Ma HT, On KF, Tsang YH, Poon RY - Nucleic Acids Res. (2007)

Bottom Line: Conversely, the rescue protein can be activated after the endogenous protein is completely repressed.This approach is particularly suitable when prolonged expression of either the shRNA or the compensatory cDNA is detrimental to cell growth.This system allows a convenient one-step validation of shRNA and generation of stable shRNA-expressing cells.

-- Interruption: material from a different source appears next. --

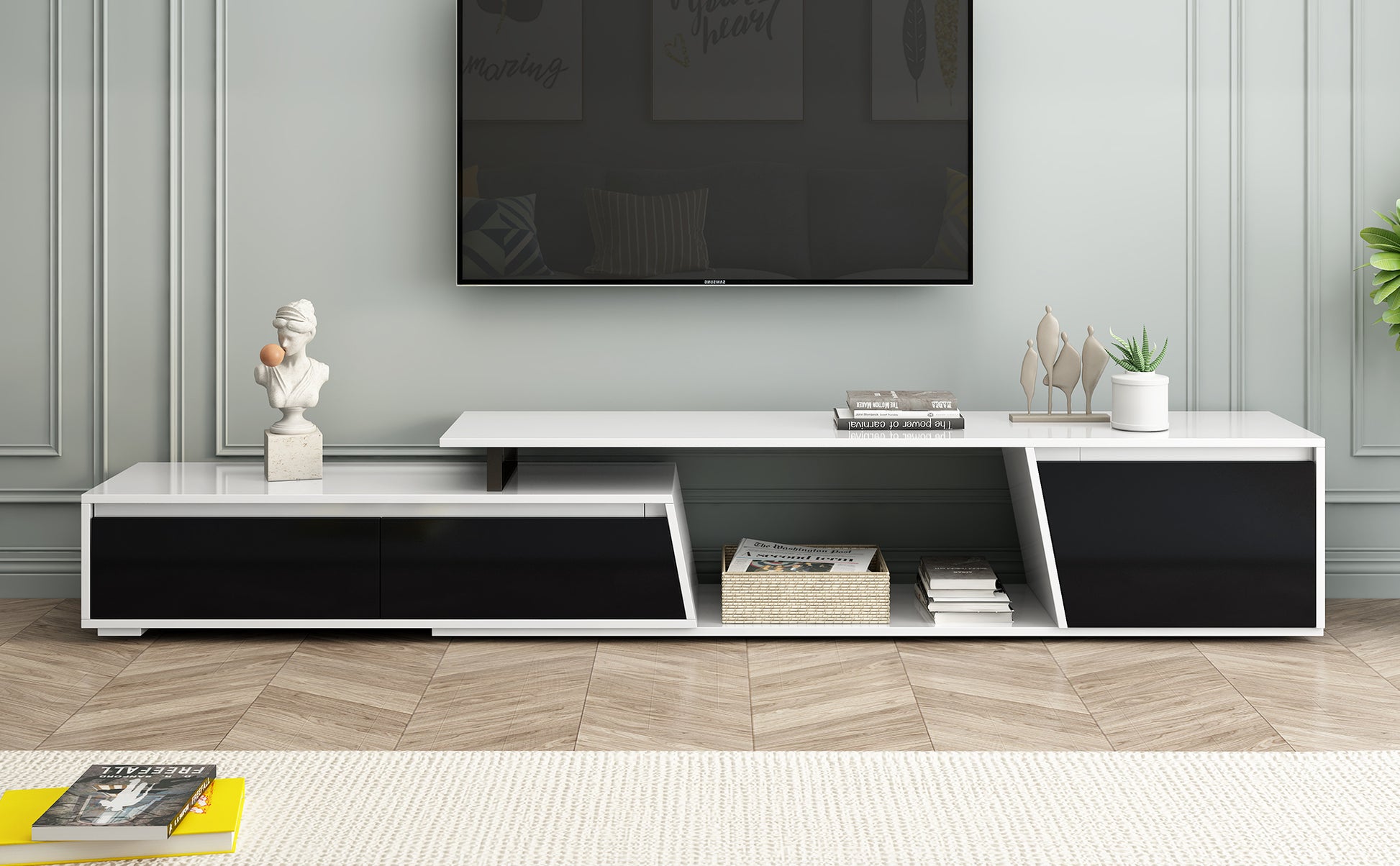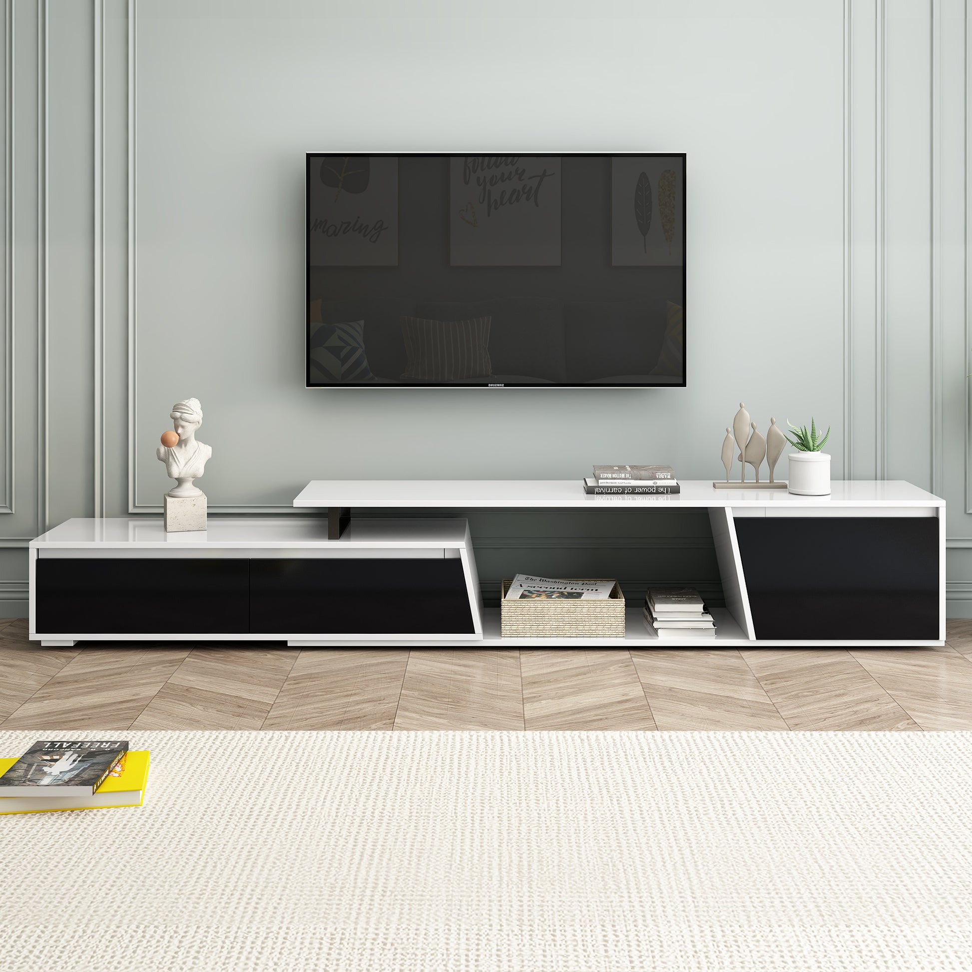 - Asymmetrical Art-Inspired Design: Drawing inspiration from asymmetrical art, this sleek and modern TV stand becomes a statement piece that adds visual interest to any living room.

View Article: PubMed Central - PubMed

Affiliation: Department of Biochemistry, Hong Kong University of Science and Technology, Clear Water Bay, Hong Kong.

ABSTRACT
RNA interference (RNAi) by means of short hairpin RNA (shRNA) has developed into a powerful tool for loss-of-function analysis in mammalian cells. The principal problem in RNAi experiments is off-target effects, and the most vigorous demonstration of the specificity of shRNA is the rescue of the RNAi effects with a shRNA-resistant target gene. This presents its own problems, including the unpredictable relative expression of shRNA and rescue cDNA in individual cells, and the difficulty in generating stable cell lines. In this report, we evaluated the plausibility of combining the expression of shRNA and rescue cDNA in the same vector. In addition to facilitate the validation of shRNA specificity, this system also considerably simplifies the generation of shRNA-expressing cell lines. Since the compensatory cDNA is under the control of an inducible promoter, stable shRNA-expressing cells can be generated before the knockdown phenotypes are studied by conditionally turning off the rescue protein. Conversely, the rescue protein can be activated after the endogenous protein is completely repressed. This approach is particularly suitable when prolonged expression of either the shRNA or the compensatory cDNA is detrimental to cell growth. This system allows a convenient one-step validation of shRNA and generation of stable shRNA-expressing cells.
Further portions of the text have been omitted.